McCalister, a former police lieutenant, lost bids for at-large council seats in 2013 and 2014, and a state representative try in 2014. It looks like he's back.
So the fight is on for the Detroit election season. And apparently marijuana is going to be one of the issues. That's fine, we need to be talking about it openly. And I understand why the Metropolitan Detroit Community Action Coalition (MCDAC), which Blackmon chairs, is alarmed. For one thing they've been hearing anti-marijuana propaganda their whole lives and blame a lot of social ills on it. Another thing is that the proliferation of dispensaries in Detroit, partly driven by Oakland County's absolute ban on them, is a reminder of a dynamic that has not boded well for the city. As I once heard a judge in a courtroom admonish a defendant that suburbanites come into Detroit to "do your dirt" then head back home. I don't equate buying marijuana to doing dirt, but I can understand that those who fear marijuana don't want Detroit to be sin city. I've seen my share of folks who hit the Eight Mile Road dispensary strip and head back out to the suburbs.

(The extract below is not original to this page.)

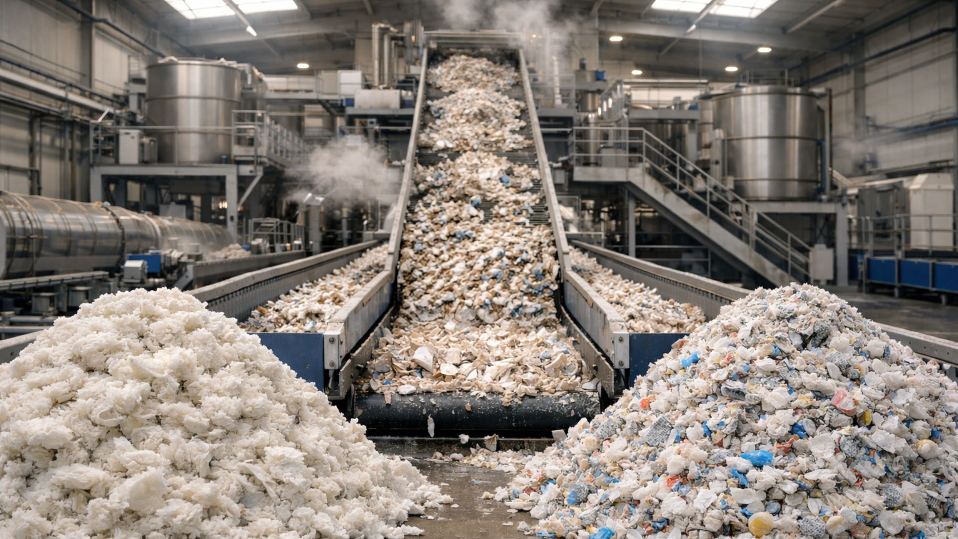 In practice, the material arrives with variations in brands, sizes, and compositions, and still carries different degrees of contamination depending on the source, which increases the pressure for standardization of what enters the factory to ensure predictability of what comes out.

However, the "marijuana fighter" is just a typical marijuana hater. In his group's first couple of meetings it took them a while to accept that medical marijuana is legal and they couldn't just close down all the dispensaries. Then they decided to try to restrict them out of existence, or at least out of sight. Now they're going after politicians who support a non-prohibitionist attitude. Maybe a small, dedicated band can block things for a while, but the numbers are against them in the big picture in the long run. Politicians respond to forces that can get them elected. In 2012 decriminalization passed in Detroit with 65 percent of the vote. Unless public opinion turns around, and polls don't show that, politicians mostly aren't going to have a strong prohibition stance. Particularly when they look at the economic benefits in tax and regulate states.
MCDAC members have problems with medical marijuana. Their heads will really explode when recreational legalization comes and stores sell it to anybody who's old enough to buy.